Из книги Льва Симкина «Полтора часа возмездия»:

«Действительно ли он сразу бросился в глаза населению лагеря – или так воздействует на память совершенный им подвиг, доподлинно установить невозможно – такова специфика всякого «человеческого документа». Несомненно лишь то, что прибытие советских военнопленных как монолитной группы, обладающей боевым опытом, повысило моральный дух узников Собибора. Уж очень отличались они от «старожилов». Последние еще до лагеря не один год провели в гетто и были чрезвычайно измучены. Сказывалось время унижений и оскорблений. Многих сдерживали семьи, вместе с которыми их депортировали в лагерь. Люди были настолько замордованы, что, когда 14 октября 1943 года настал час постоять за себя, полторы сотни из них на побег не решились – остались в лагере.
«Если бы Печерский не появился там, не поднял это восстание, не задумал все правильно, не просчитал до мелочей, нас всех послали бы в газовые камеры», – утверждал впоследствии один из участников восстания Алексей Вайцен…»

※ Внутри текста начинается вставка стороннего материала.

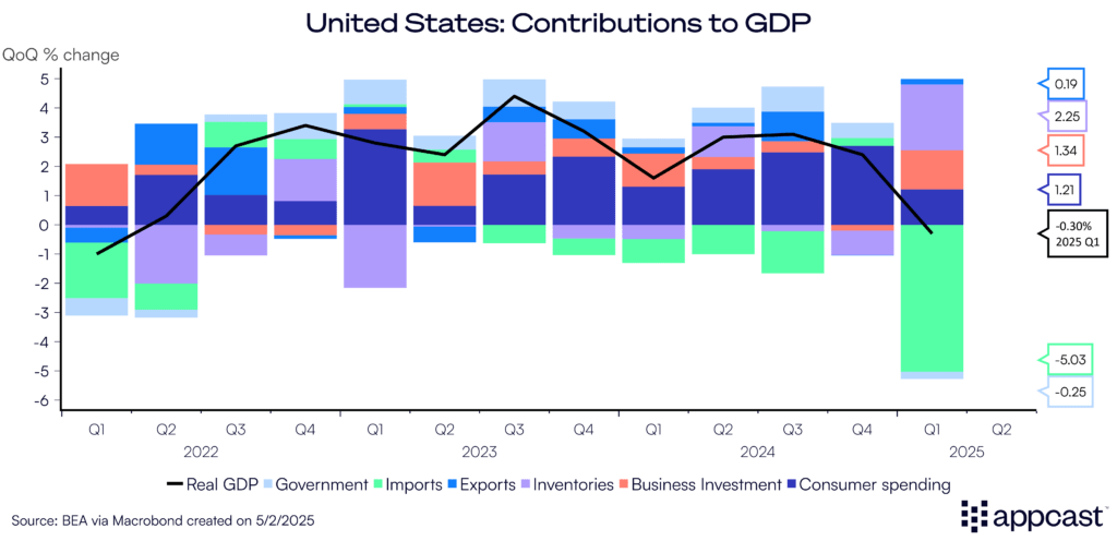 The other main piece of economic news this week was the release of first quarter gross domestic product (GDP). This week’s GDP figure showed the U.S. economy contracted for the first time since the first quarter of 2022, declining -0.3%.

На фото: Александр Печерский: 1944 год и 1980 год

– И они с тех пор не встречались?

– Бабаев уехал в Москву, поступил в аспирантуру. А в 1965-м пришел на вечер в честь двадцатилетия победы в Великой Отечественной войне, который вел знаменитый писатель, историк войны Сергей Сергеевич Смирнов. Он начал рассказывать о восстании в Собиборе, о котором практически ничего не было известно, хотя первые публикации к тому моменту уже состоялись. И речь, естественно, зашла о Печерском. И в этот момент Бабаев понял, что это тот самый Александр Аронович Печерский, неприметный народный заседатель в ростовском районном суде. Сам Печерский опаздывал, и, когда он зашел в зал – пожилой, седой человек, – все присутствующие встали. Конечно, подействовал и рассказ Смирнова, но одновременно, считает Бабаев, была в Печерском огромная внутренняя сила. И ведь когда его привезли в Собибор, то же самое почувствовали и заключенные лагеря. Они ведь безоговорочно признали его право возглавить восстание, понадеялись на него. При том что, кроме него, в лагере были люди очень мужественные, которые во время восстания повели себя героически. Например, Аркадий Вайспапир, убивший двух немцев. Но руководство было доверено именно Печерскому, хотя он даже не был офицером. Но он вел себя в соответствии с представлениями об офицерском долге. Скорее даже так: Печерский миф о советском офицере превратил в реальность

– В истории Второй мировой войны что-то похожее на Собиборское восстание было?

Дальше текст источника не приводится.